Thanks for the response guys. So I didn't realize I could just not pass an Id to get the root query. That got me half way there 🎉 , but now I'm running into the problem of identifying my Connection field with it's set of variables. I've setup the @connection directive to ignore my pagination arguments. So are you telling me that with cache.modify, It's impossible to distinguish between multiple cache entries for connections with different argument sets?

Would something like this make sense?:

  cache.modify({
    fields: {
      [cache.identifyFieldConnectionKey('queryName', variables)]: (cachedSearchIssues) => {
        // replace specific query cache entry
      },
    },
  });

Where identifyFieldConnectionKey() would return the corresponding query cache key with all the identified keyArgs.

I'm not quite sure what you mean by

Ben recommends setting keyArgs: false, which will result in a single cache entry with no arguments.

For my use case is that there can potentially be many of these paginated lists on a given page. I need to be able to have separate cache entries for both. Are you saying that in this case I need to build a custom caching mechanism in the fields read/write functions which can map the arguments back to distinct cached lists, basically ignoring the @connection directive?

benjamn commented 4 years ago

@Nickersona If you're using keyArgs to achieve the same separation that @connection allows, then you have the right idea, since that's what it's for. In fact, you probably do not need to use @connection if you're using keyArgs: [...].

So are you telling me that with cache.modify, It's impossible to distinguish between multiple cache entries for connections with different argument sets?

If you're using field arguments to differentiate field values, the cache.modify modifier function will be called for each version of the field.

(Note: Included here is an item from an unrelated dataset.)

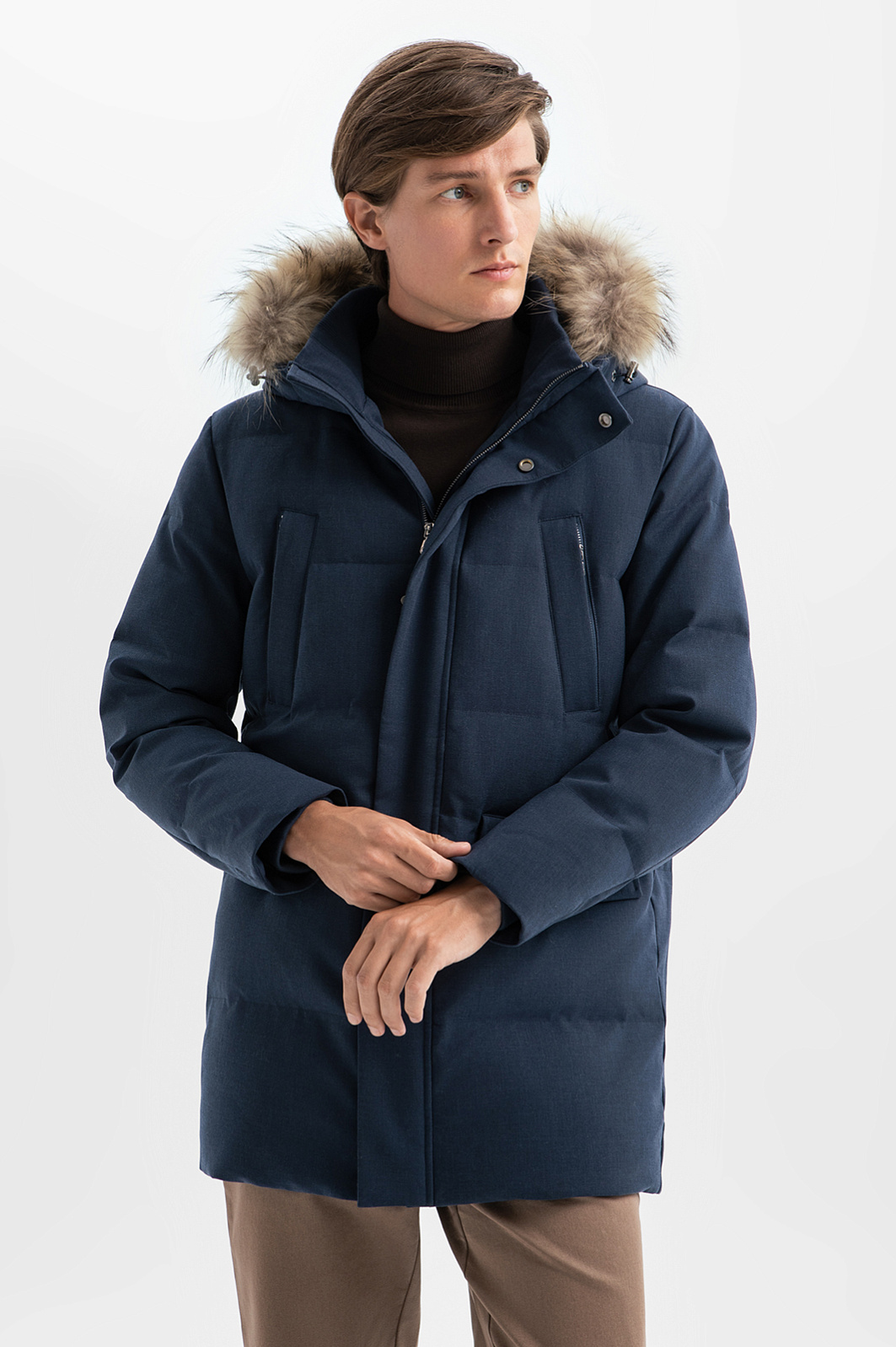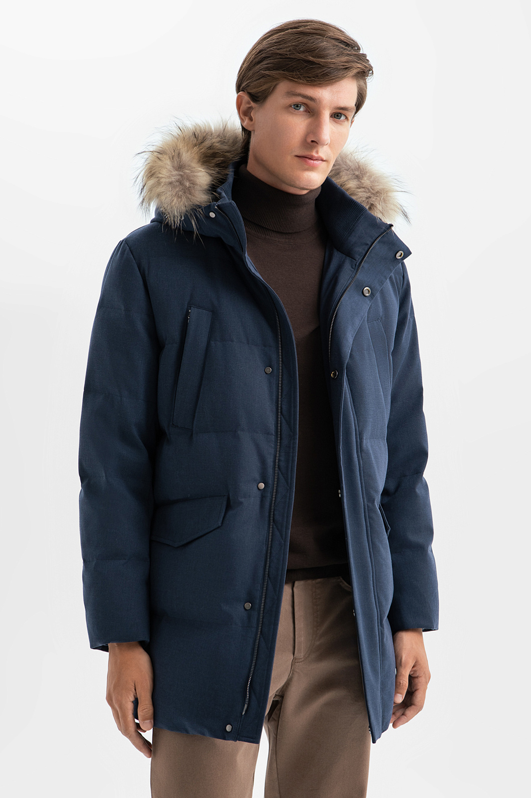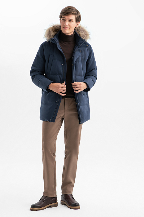 Теплая парка KANZLER спокойного серо-синего оттенка с капюшоном, отделанным пушистым натуральным мехом, обеспечивает оптимальный уровень комфорта в любых погодных условиях. Это универсальная модель, которая сочетается с одеждой в деловом и городском стилях. Если меховая отделка капюшона — это про красоту и романтику, то верх из плотного смесового материала из полиэстера с тенселом и шерстью и натуральный наполнитель из пуха (90%) с пером — про надежную защиту от холода и пронизывающего ветра. Параметры модели: рост 191, 97-77-99 Размер на модели: 50

You can tell the calls apart by examining the details object that's passed as the second argument to the modifier function. In particular, details.storeFieldName will be different for different arguments. If you can perform your modifications without worrying about the arguments, that certainly makes things easier. If your modifications depend on the arguments, here's my recommendation for accessing the arguments without having to parse details.storeFieldName: https://github.com/apollographql/apollo-client/issues/6394#issuecomment-656193666

Nickersona commented 4 years ago

Amazing. Thanks @benjamn I wasn't aware of what was available on the details field. Appreciate the help 🙏, and apologies for derailing the original issue.

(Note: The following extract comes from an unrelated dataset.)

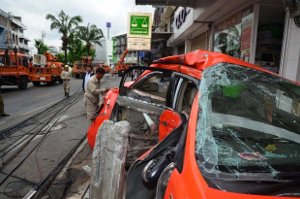 警察当局の調べによりますと、バスはバンコク都の南バスターミナルを7月2日19時00分に出発しました。目的地は南部スラタニ県ドンサク郡のフェリー乗り場です。証言によりますと、事故直前にタイヤがパンクするような音が聞こえ、バスが中央分離帯の立木に衝突してハンドルを失い、横転しながら電柱2本に激突した、とのことです。

kieranbenton commented 3 years ago

Firstly, thanks for the information in here - I've struggled to find the information in https://github.com/apollographql/apollo-client/issues/7061#issuecomment-698996938 documented anywhere. Am I missing something or should the documentation be updated with a more complex example to show how to modify nested data, which I thought was quite a common scenario but perhaps not?

Secondly, does anyone know if there is any way to get Typescript types for cache.modify? Right now although this method works it feels extremely fragile to me as its not tied to any of my generated TS types for my queries.